About the Project
Small diffusible molecules are known to act as “hormones” controlling antibiotic production in Streptomyces, the most important source of clinically relevant antibiotics. Their complex regulatory cascade involving the synthase and receptor (ScbA/R system) has been elucidated (1,2,3). In this project, we aim to elucidate layers of control in the ScbA/R system and develop this system into a regulatory tool for the engineering of heterologous antibiotic production and other synthetic biology applications (4).
1) Transcriptional control: expression of ScbA/R is controlled by a regulatory design that is unique in bacterial systems (1). This will be investigated using RNAseq and mutational studies, as well as by characterizing the multiple regulatory proteins binding the promoter regions.

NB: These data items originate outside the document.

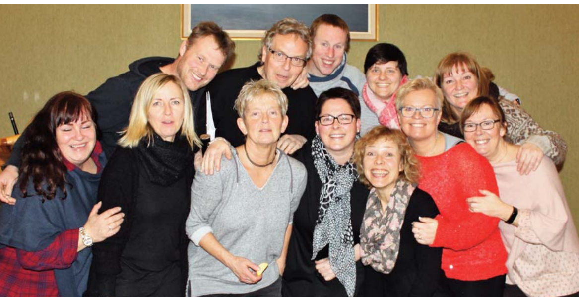
Prosjektkoret Himmel og Hav

Konserten har altså fri adgang, men det er lov å gi en gave på veien ut – til inntekt for Hvaler menighet.
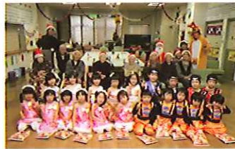
豊富保育園児慰問 ばんだ組 12/10 シルクの里デイサービスセンター
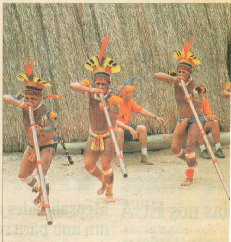
Índios da região do Alto Xingu preparam dança: tradições

Ontem, na Câmara Municipal de São Paulo, os cerca de 2 mil índios que vivem na cidade foram homenageados com o evento A Terra Sem Males que Queremos, que faz uma alusão ao tema da campanha da fraternidade. Sesenta índios das comunidades dos guaranis – que vivem em Parelheiros e no Pico do Jaraguá – e dos pancararus (que estão presentes em bairros como Jardim Elba, Parque Santa Madalena e favela de Paraisópolis) participaram das comemorações.
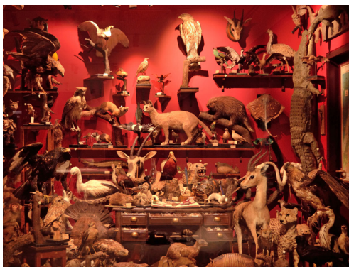
תמונה 5: האוסף של האב שמיץ מוצג מחדש לאחר שיקומו במוזיאון הטבע על שם שטיינהרדט, כ"חדר פלאות" באווירת תקופתו של האב, ובו משולבים אוספיו מארץ ישראל וממדינה

הספר כולל מבואות, ובמרכזו תרגום מגרמנית של אוסף הרשימות ששלח שמיץ ל'ארץ הקדושה'. המאמר
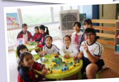
「百欣歡樂天地」玩具區

學校一向重視同學德育方面的發展，引入正向教育，於不同層面正面培育同學，營造學校的正向校園文化。本年度推行「正向好學生獎勵計劃」，給學生喜悅活潑的體驗，營造正向的學習氛圍。學校於九月家長日為家長舉辦「正向教育」講座，讓爸爸、媽媽都一同多讚賞、多鼓勵我們。此外，學校為我們設計了精美的「正向好學生」Passport，每周由科任老師和家長為我們蓋章，對我們的好表現給予肯定。此外，學校更定期為我們預備精彩、有趣的獎勵活動以及別出心裁的禮物，叫我們既驚喜，又期待。
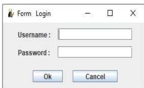
Gambar 1 : Tampilan Form Login

Form ini digunakan untuk keamanan sebelum masuk ke dalam sistem informasi manajemen aset teknologi informasi. Dimana pengguna harus memasukkan username dan password secara benar. Bila login berhasil maka akan ada pesan berhasil serta bisa masuk ke dalam form menu utama sistem informasi manajemen aset teknologi informasi.
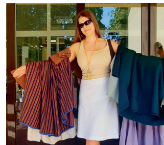
Uz saietu cits nāk vizēm, cits basām kājām, bet dažas dāmas ved līdzī veselu skapi.
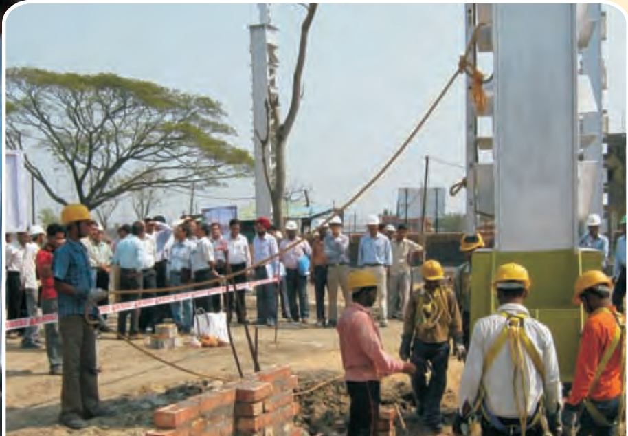
दंकुनी कारखाने में जारी निर्माण कार्य Work in progress at Dankuni Factory
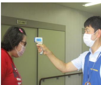
3秒で測れちゃいます！早っ！

★雀の宮作業所においても、検温・手洗い・アルコール消毒・うがい・換気などを行っています★
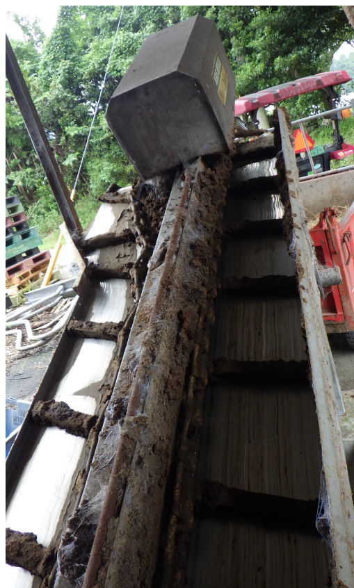
バークリーナー(東側)
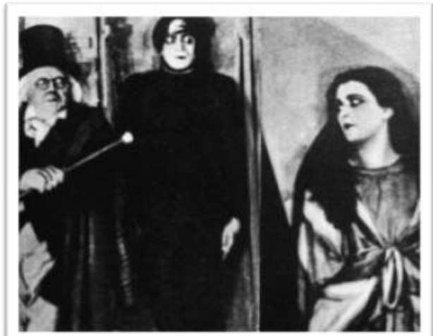
Ilustración 2.3: Recuadro de Des Kabinett des Dr. Caligari donde se puede apreciar la estética usada por el cine expresionista alemán.

El expresionismo alemán es una tendencia artística que surge en la época contemplada entre 1918 y 1933 (justo cuando Adolf Hitler asciende al poder) teniendo como inspiración el diario vivir alemán de aquellos días. En esta época el cine alemán explota todo su potencial en cuanto a escenario, iluminación, decoración y toda su técnica
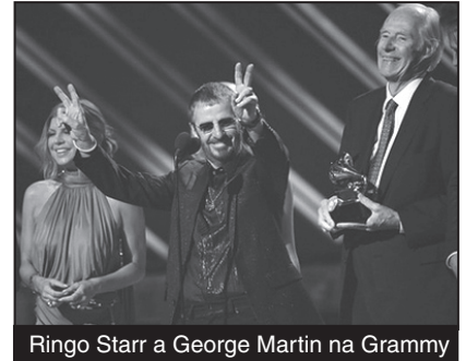
Ringo Starr a George Martin na Grammy
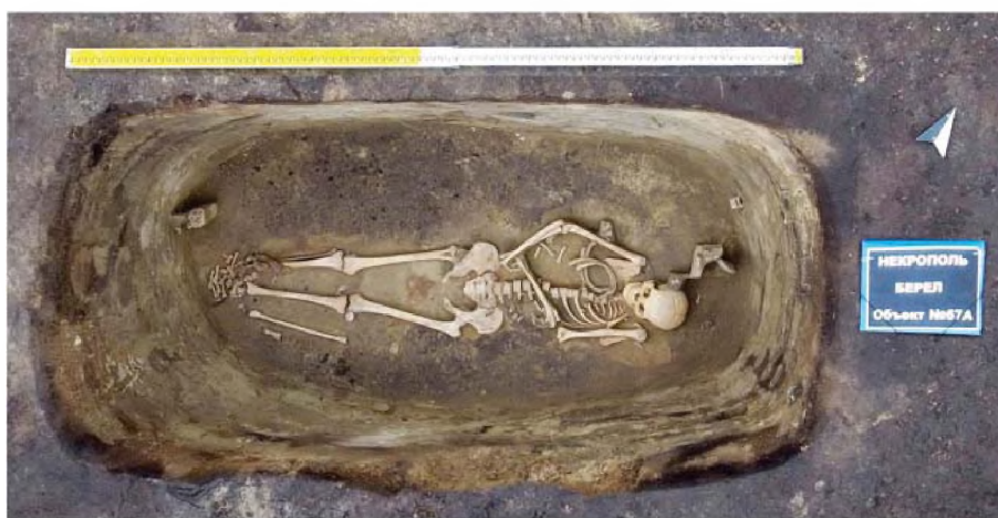
Рисунок 6. Объект № 67А. Погребение человека

нию антропологов погребен мужчина 25-35 лет, «по антропологическому типу монголоидный. Аналогий в синхронное время на территории Восточного Казахстана практически нет, вероятно, своим происхождением связан с территорией Южной Сибири и Монголии» (Китов, Китова, 2018: 2, 3).

2) Translational control: we found that the hormone receptor, ScbR, is modified post-translationally; the effect on enzyme activity and the protein structure of the modified ScbR will be analysed.
3) We have developed a computational model of ScbA/R signalling (ms. submitted), which will be used to integrate the data from steps 1 and 2.
4) The ScbA/R system has been recently expressed in E. coli, as an orthogonal regulatory circuit (5). To expand the versatility of this new tool, we will combine the Streptomyces system with elements from other species, creating new chemical variants of the hormones, using directed evolution to develop the required new receptor proteins.
This project is ideal for bioanalytical, biotechnology and biochemistry students, with a strong interest in synthetic biology and computational analysis and a willingness to learn the interdisciplinary skills required for postgenomic data generation and analysis in molecular biology.
Contact for further Information
Candidates are expected to hold (or be about to obtain) a minimum upper second class honours degree (or the overseas equivalent) in the related area / subject. Candidates with experience in molecular biology, biochemistry, and or bioanalytics with an interest in computational analysis are encouraged to apply.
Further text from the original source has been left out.